While the details remain to be seen, federal intervention in P&C insurance claims related to COVID-19 will likely occur. Between the threat to the insurance industry’s resources and the unique effects of a pandemic, some government assistance will likely be necessary to protect both insurers and the businesses they insure.
“Pandemic outbreaks are uninsured because they are uninsurable,” says APCIA CEO David A. Sampson. When events are uninsurable, responsibility tends to fall to the government to maintain the social contract.
Small commercial insurers face both long- and short-term considerations when dealing with the pandemic and its effects. These include not only awareness of legislation that could affect future pandemics, but also of legislation that affects the current pandemic, as well as the status of small businesses and their impact on economic and community health.
In May 2020, a bipartisan group of legislators announced a bill that would provide workers’ compensation coverage for essential workers who contracted COVID-19 during the pandemic, and for the families of essential workers who lost their lives.
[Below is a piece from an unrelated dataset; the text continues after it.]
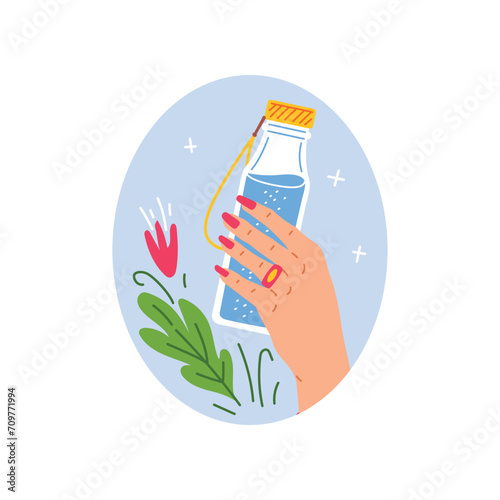 Ekologie a koncepce ochrany životního prostředí. Vektorový papír řez láhev na pitnou vodu s nápisem save water a stříkající vodou.

The bill, known as the Pandemic Heroes Compensation Act, is modeled after a similar bill intended to compensate those who responded to the scenes of the 9/11 attacks, according to a press release from U.S. Representative Carolyn B. Maloney (D-NY). The proposed act creates a streamlined application process and funding for essential workers and their families for up to five years, writes Susanne Sclafane in Claims Journal.
The novel coronavirus presents a novel challenge for workers’ compensation insurers. Social distancing and stay-at-home orders greatly limited the non-work situations in which essential workers could contract coronavirus. When workers fell ill, the argument that they had become sick as part of carrying out their job duties — and thus qualified for workers’ compensation — was a strong one, says Jennifer Wolf, executive director of the International Association of Industrial Accident Boards and Commissions.
Several states have already passed legislation or executive orders requiring workers’ compensation insurers to pay certain COVID-19-related claims. A federal fund or backstop for these insurance companies could provide necessary relief in a difficult time, both for insurers and for those insured.
One of the biggest concerns for businesses, communities and the economy is the number of small businesses that have no insurance at all. The Insurance Information Institute estimates that about 40 percent of small businesses have business interruption coverage, which means that more than half do not.
Businesses that have insurance may struggle to get the coverage they need to address business losses, disinfect work and customer spaces and prepare for a safe reopening. Those that have no insurance, however, are even more likely to go under, creating a ripple impact on their communities and economies. Insurance companies that reach out to struggling small businesses with education and advice may build greater loyalty and help stabilize local economies.
The novel coronavirus is likely to be a concern for months or even years to come. As a result, both the federal government and insurance companies will need to account for the virus and its effects in their future planning. A combination of legislation, government regulation changes, and insurance company work will likely be necessary to stabilize insurance and allow businesses to handle pandemic-related losses effectively.